Most likely paths to error when estimating the mean of a reflected random walk

Ken R. Duffy, Sean P. Meyn

Published 2009-06-24, updated 2010-06-25Version 3

It is known that simulation of the mean position of a Reflected Random Walk (RRW) $\{W_n\}$ exhibits non-standard behavior, even for light-tailed increment distributions with negative drift. The Large Deviation Principle (LDP) holds for deviations below the mean, but for deviations at the usual speed above the mean the rate function is null. This paper takes a deeper look at this phenomenon. Conditional on a large sample mean, a complete sample path LDP analysis is obtained. Let $I$ denote the rate function for the one dimensional increment process.
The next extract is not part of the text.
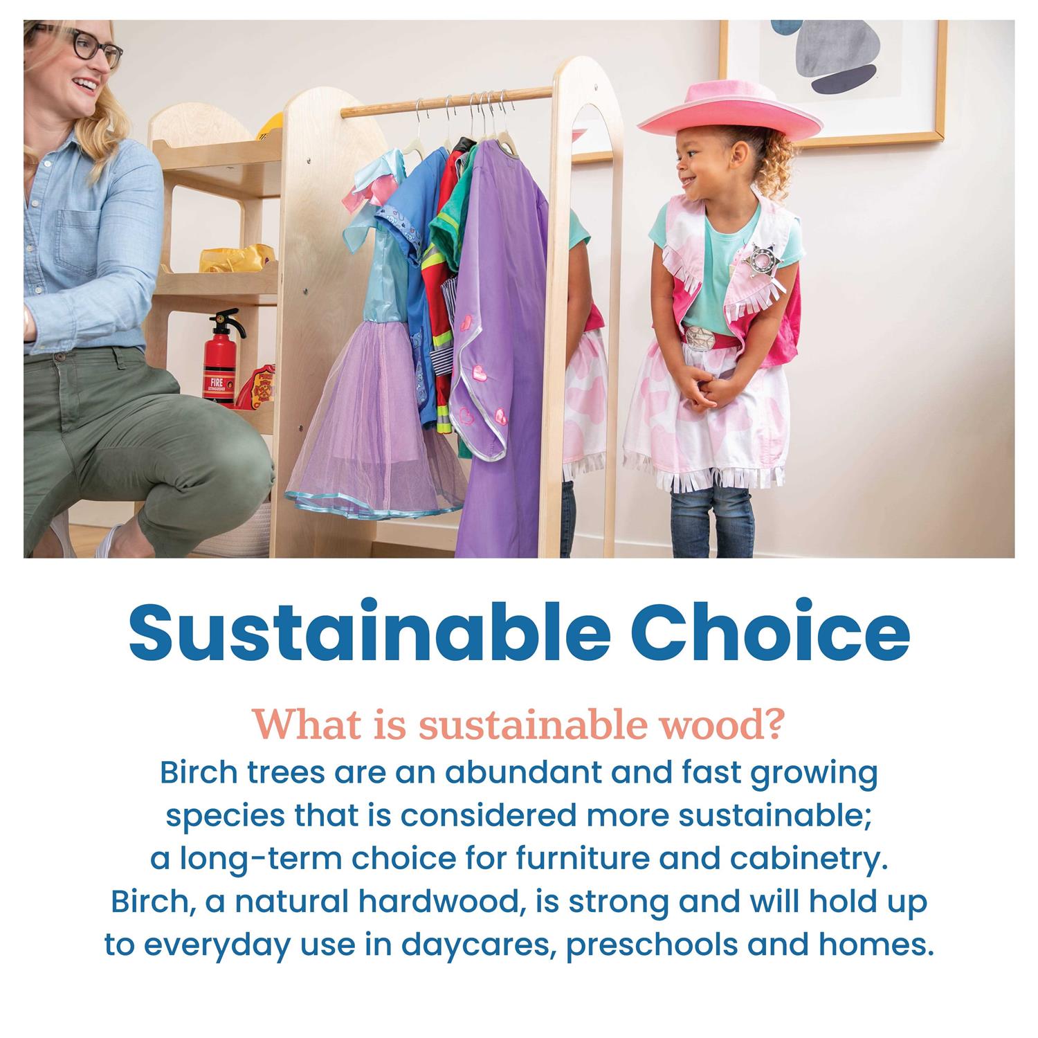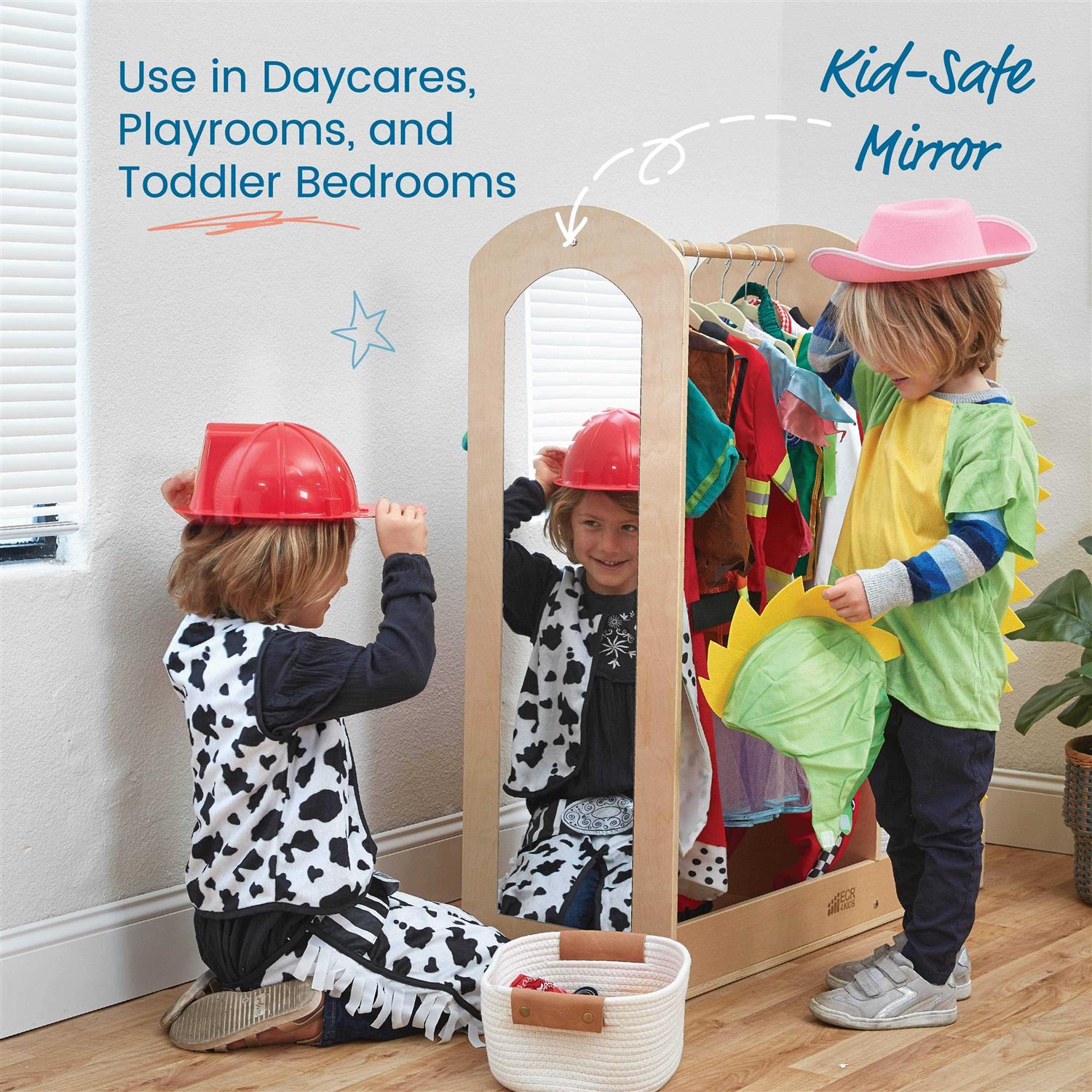 The ECR4Kids Dress Up Center is the perfect place to store and organize clothing, costumes, and shoes. Little ones build confidence and develop language, social skills, and self-expression through imaginative play. The multipurpose wardrobe keeps outfits, apparel, and accessories organized with display shelves and cubbies that feature a perimeter edge to prevent small items from rolling out. The children’s wardrobe storage features a garment rod, four-shelf compartments, and a built-in shatter-proof safety mirror. The 360° design allows multiple children to play at once selecting their own outfits and dressing themselves independently. Display seasonal clothing in the bedroom to provide options and encourage children to pick their own outfits and dress themselves. Use in a playroom or classroom as a kid-sized costume closet for dress-up and imaginative playtime. Constructed from sustainably harvested birch plywood with a tough UV lacquer that seals the wood surface and resists scratching. A UV inhibitor makes furniture resistant to ultraviolet light and yellowing. Natural birch plywood is extremely durable and will hold up to everyday use in daycares and preschools. The natural grain complements any space. Pair with other ECR4Kids Birch items to complete a Montessori learning space, sold separately.

If $I$ is coercive, then given a large simulated mean position, under general conditions our results imply that the most likely asymptotic behavior, $\psi^*$, of the paths $n^{-1} W_{\lfloor tn\rfloor}$ is to be zero apart from on an interval $[T_0,T_1]\subset[0,1]$ and to satisfy the functional equation \begin{align*} \nabla I\left(\ddt\psi^*(t)\right)=\lambda^*(T_1-t) \quad \text{whenever } \psi(t)\neq 0. \end{align*} If $I$ is non-coercive, a similar, but slightly more involved, result holds. These results prove, in broad generality, that Monte Carlo estimates of the steady-state mean position of a RRW have a high likelihood of over-estimation. This has serious implications for the performance evaluation of queueing systems by simulation techniques where steady state expected queue-length and waiting time are key performance metrics. The results show that na\"ive estimates of these quantities from simulation are highly likely to be conservative.